### What to do
Write out again, unchanged, the line that has "新型キャンプファン屋外照明充電式首振りファンポータブル強風リモコンファン照明" and each following line through the end of the entries below; leave pictures out.

[Records from a data collection]

========================================================================

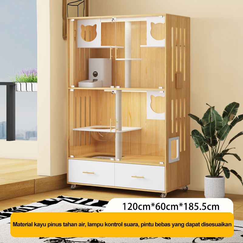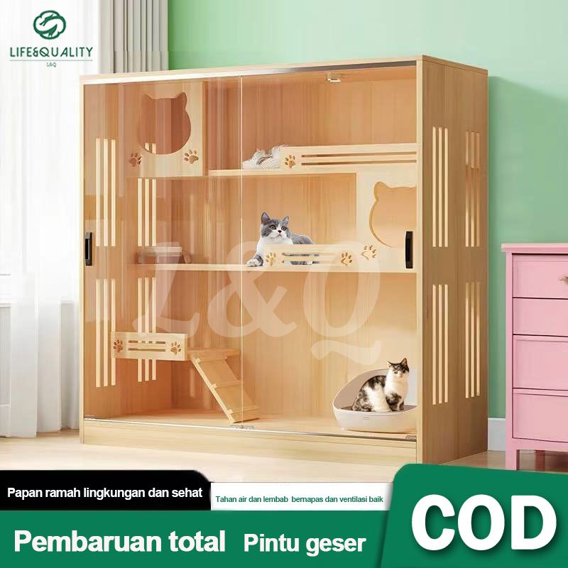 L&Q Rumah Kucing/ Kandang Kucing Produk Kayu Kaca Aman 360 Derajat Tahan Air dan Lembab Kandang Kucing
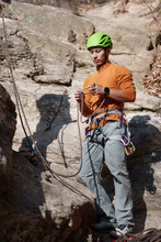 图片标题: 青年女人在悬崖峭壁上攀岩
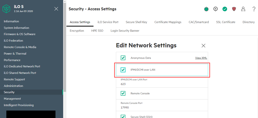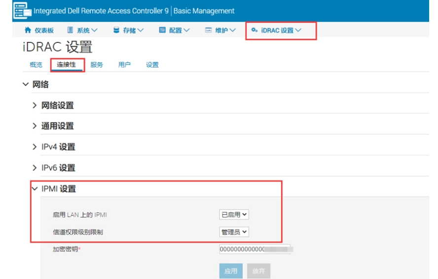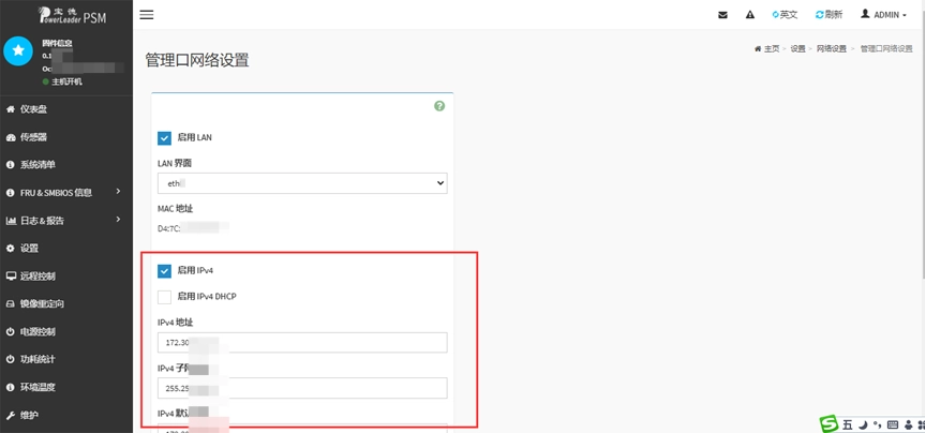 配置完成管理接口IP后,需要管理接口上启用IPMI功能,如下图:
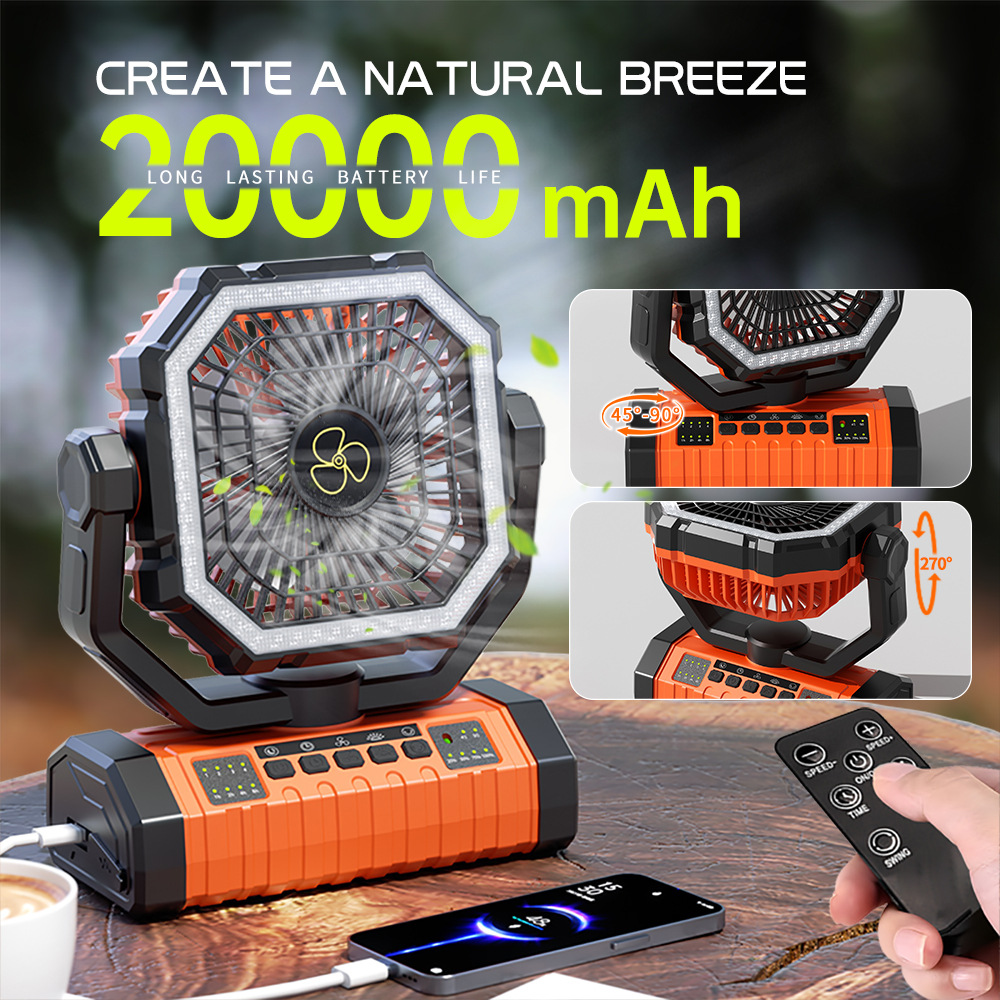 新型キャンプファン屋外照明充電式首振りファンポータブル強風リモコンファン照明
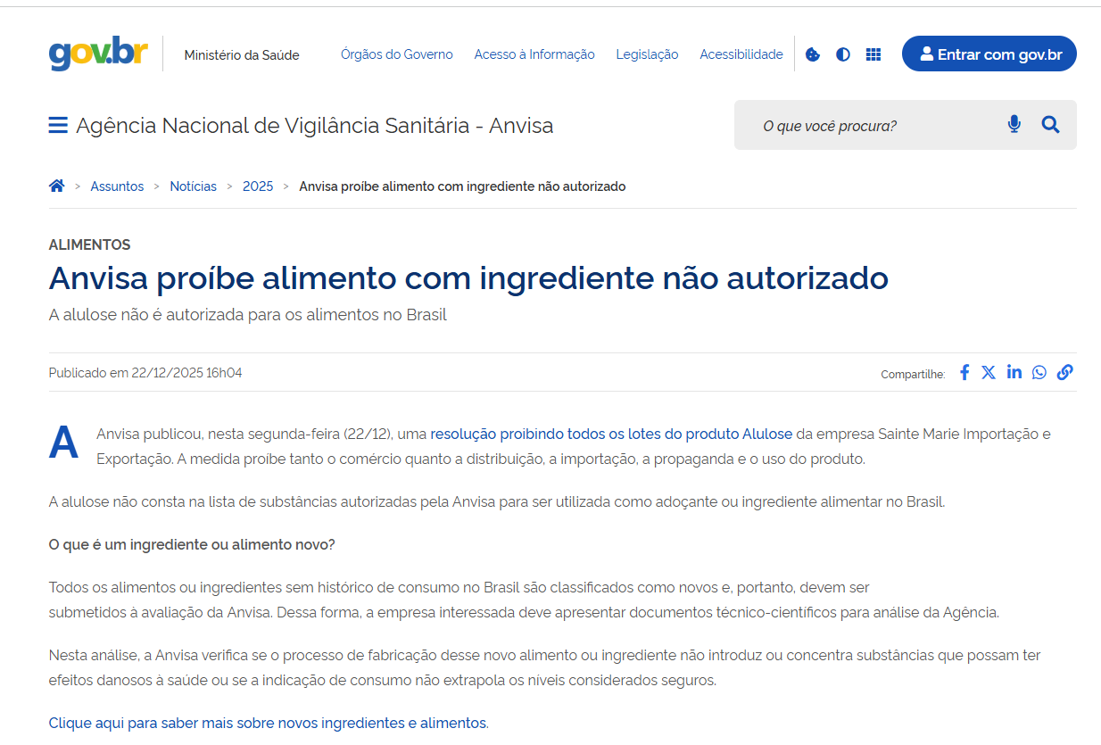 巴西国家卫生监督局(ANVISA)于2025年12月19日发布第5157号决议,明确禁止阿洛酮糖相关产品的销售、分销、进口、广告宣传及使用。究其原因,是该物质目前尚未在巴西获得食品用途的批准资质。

========================================================================

### Response below
 新型キャンプファン屋外照明充電式首振りファンポータブル強風リモコンファン照明
 巴西国家卫生监督局(ANVISA)于2025年12月19日发布第5157号决议,明确禁止阿洛酮糖相关产品的销售、分销、进口、广告宣传及使用。究其原因,是该物质目前尚未在巴西获得食品用途的批准资质。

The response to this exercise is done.